First, it’s important to note that the paper is a “perspective” piece – an essay based on knowledge of the scientific literature, rather than new modelling or data analysis. Leading Earth System scientist Will Steffen and his 15 co-authors draw on a diverse set of literature to paint a picture of how a chain of self-reinforcing changes might potentially be initiated, eventually leading to very large climate warming and sea level rise.

One example would be the thawing of Arctic permafrost, which releases methane into the atmosphere. As methane is a greenhouse gas, this means the Earth retains more heat, causing more permafrost to thaw, and so on. Other possible self-reinforcing processes include the large-scale die-back of forests, the melting of sea ice, or the loss of ice sheets on land.

Global map of potential tipping cascades, with arrows showing potential interactions. Steffen et al (2018) / PNAS

Hothouse or stabilised?

Steffen and colleagues introduce the term “Hothouse Earth” to emphasise that these extreme conditions would be outside those that have occurred over the past few hundred thousand years, which have been cycles of ice ages with milder periods in between. They also present an alternative scenario of a “Stabilised Earth” where these changes are not triggered, and the climate remains similar to now.

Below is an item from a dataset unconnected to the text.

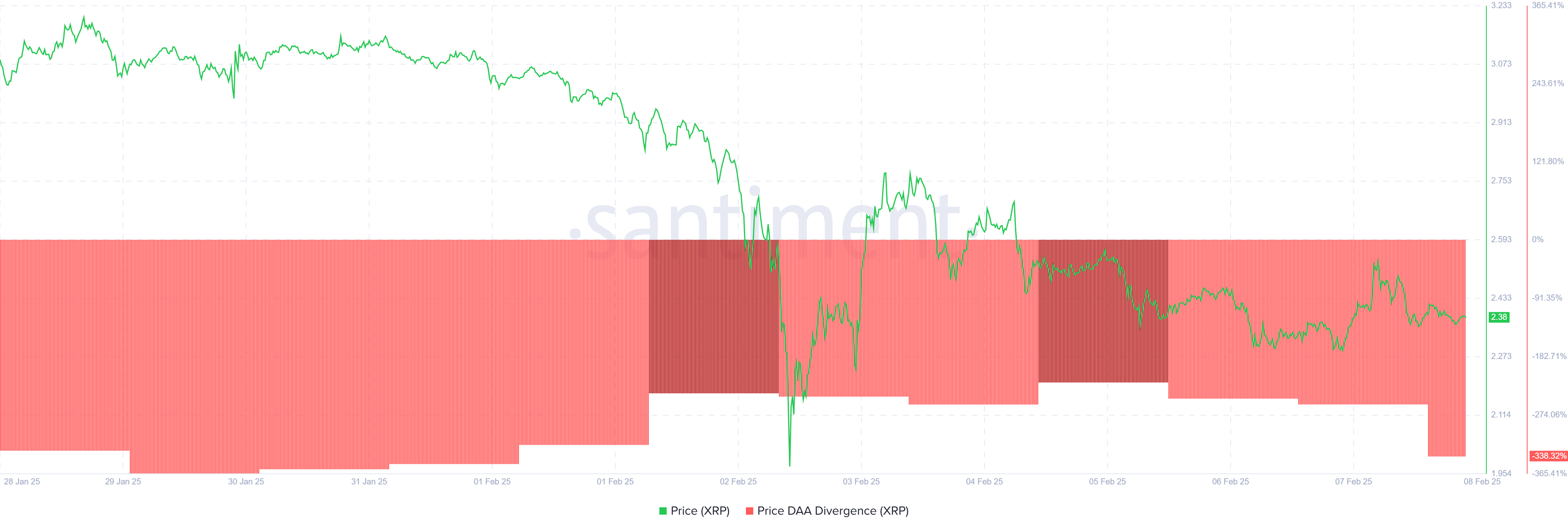 Баға мен күнделікті белсенді мекенжайлар (DAA) дивергенциясы индикаторы қазіргі уақытта сату сигналын көрсетуде. Бұл аюлы сигнал бағалардың төмендеуі мен инвесторлардың қатысуының азаюынан туындап отыр.

The authors make the case that there is a level of global warming which is a critical threshold between these two scenarios. Beyond this point, the Earth System might conceivably become set on a pathway that makes the extreme “hothouse” conditions inevitable in the long term. They argue – or perhaps speculate – that the process of irreversible self-reinforcing changes could in theory start at levels of global warming as low as 2°C above pre-industrial levels, which could be reached around the middle of this century (we are already at around 1°C). They also acknowledge large uncertainty in this estimate, and say that it represents a “risk averse approach”.

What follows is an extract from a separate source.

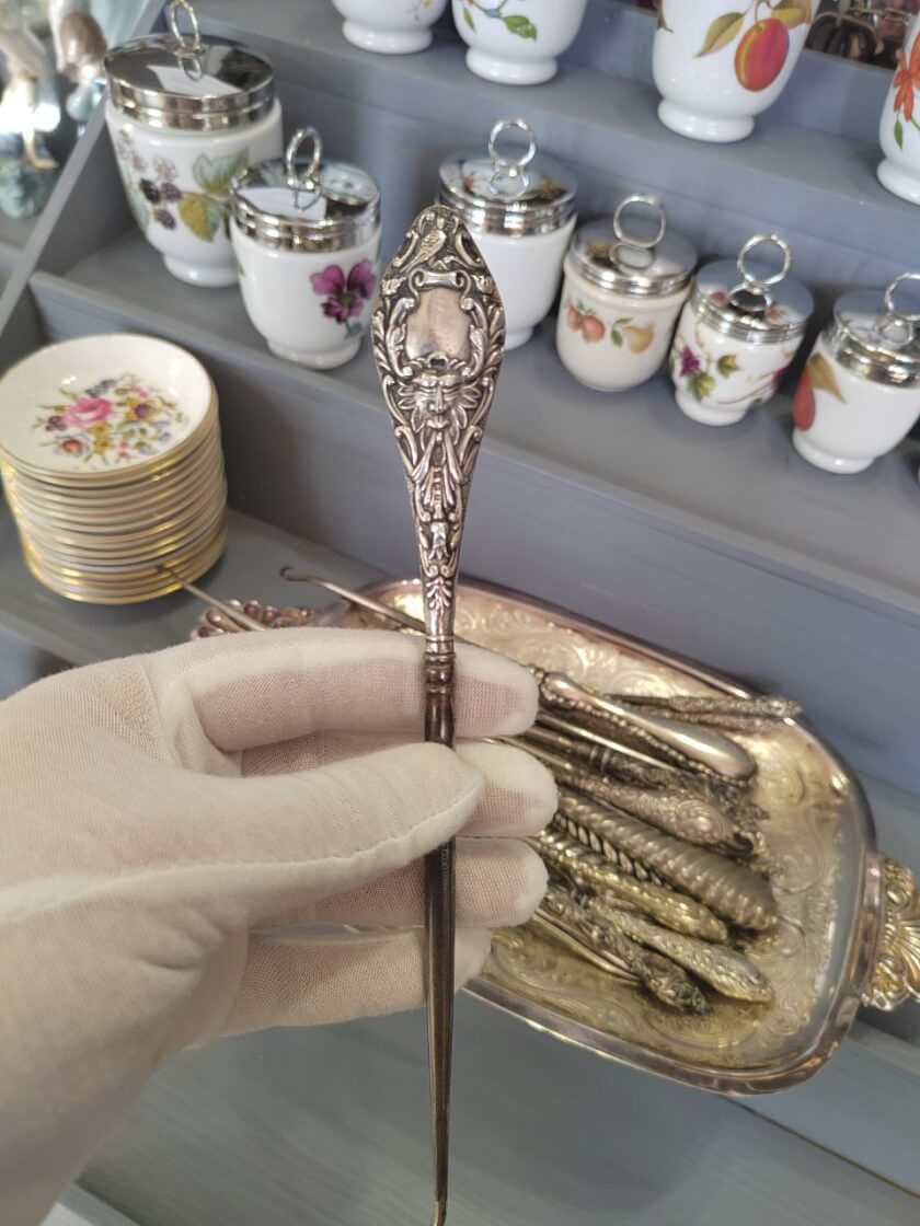 Антикварный крючок для затягивания и растегивания корсетов и пуговиц. Произведен в Англии в конце 19 века. Создан из стерлингового серебра. Стоят клейма от производителя. Оформлен в Викторианском стиле с объемными витиеватыми узорами. Предназначен для удобства в обращении с маленькими и тонкими петельками. Сохранился в прекрасном состоянии. Может активно использоваться в быту по назначению или в декоративных и коллекционных целях. Все лоты выставлены на нескольких площадках поэтому, пожалуйста, перед покупкой уточняйте наличие.

A key point is that, even if the self-perpetuating changes do begin within a few decades, the process would take a long time to fully kick in – centuries or millennia.

Steffen and colleagues support their suggestion of a threshold at 2°C through reference to previously-published scientific work. These include other review papers which themselves drew on wider literature, and an “expert elicitation” study in which scientists were asked to estimate the levels of global warming at which “tipping points” for these key climate processes might be passed (I was one of those consulted).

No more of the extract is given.